В первом бидоне было в 3 раза больше молока , чем во втором. После того как из первого бидона

Problem Analysis

We are given two containers, and the first container initially contains three times more milk than the second container. After transferring 10 liters of milk from the first container to the second container, the amount of milk in the first container becomes 4/3 of the amount in the second container. We need to find the initial amount of milk in each container.

Solution

Let's assume that the initial amount of milk in the second container is x liters. According to the problem, the first container initially contains three times more milk than the second container, so the initial amount of milk in the first container is 3x liters.
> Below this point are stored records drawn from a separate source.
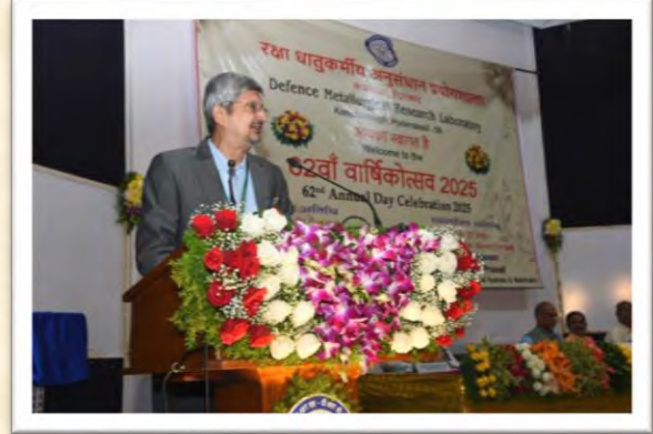
62वां वार्षिकोत्सव 2025
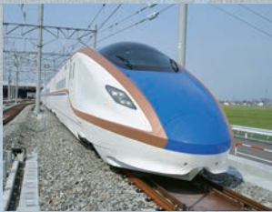
北陸新幹線新型車両N700系
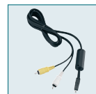
Câble AV I-AVC7
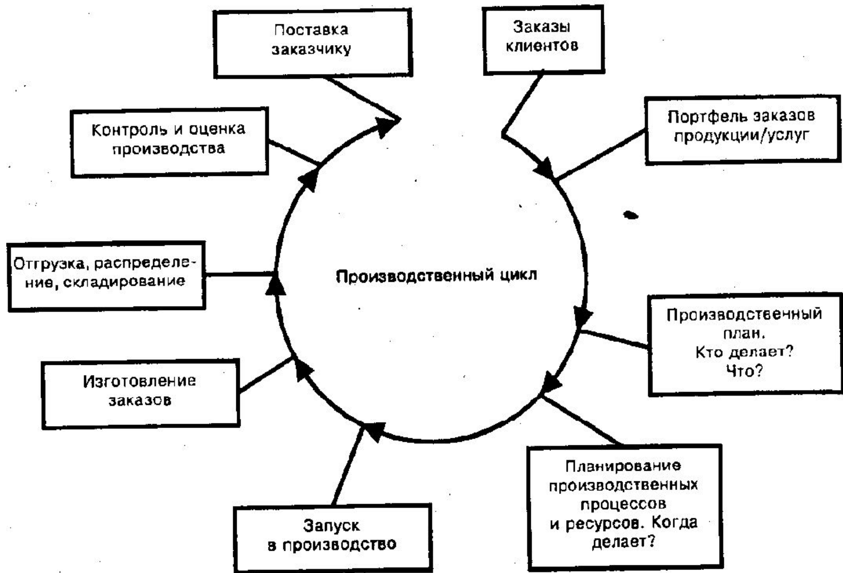
Рис. 5.1. Структурные составляющие производственного цикла

After transferring 10 liters of milk from the first container to the second container, the amount of milk in the first container becomes 4/3 of the amount in the second container. This can be expressed as:

(3x - 10) = (4/3)x

To solve this equation, we can multiply both sides by 3 to eliminate the fraction:

3(3x - 10) = 4x

Simplifying the equation:

9x - 30 = 4x

Moving the variables to one side:

9x - 4x = 30

5x = 30

Dividing both sides by 5:

x = 6

So, the initial amount of milk in the second container is 6 liters. Since the first container initially contains three times more milk than the second container, the initial amount of milk in the first container is 3 times 6, which is 18 liters.

Therefore, there were 18 liters of milk in the first container and 6 liters of milk in the second container initially.

Answer

The initial amount of milk in each container was 18 liters in the first container and 6 liters in the second container.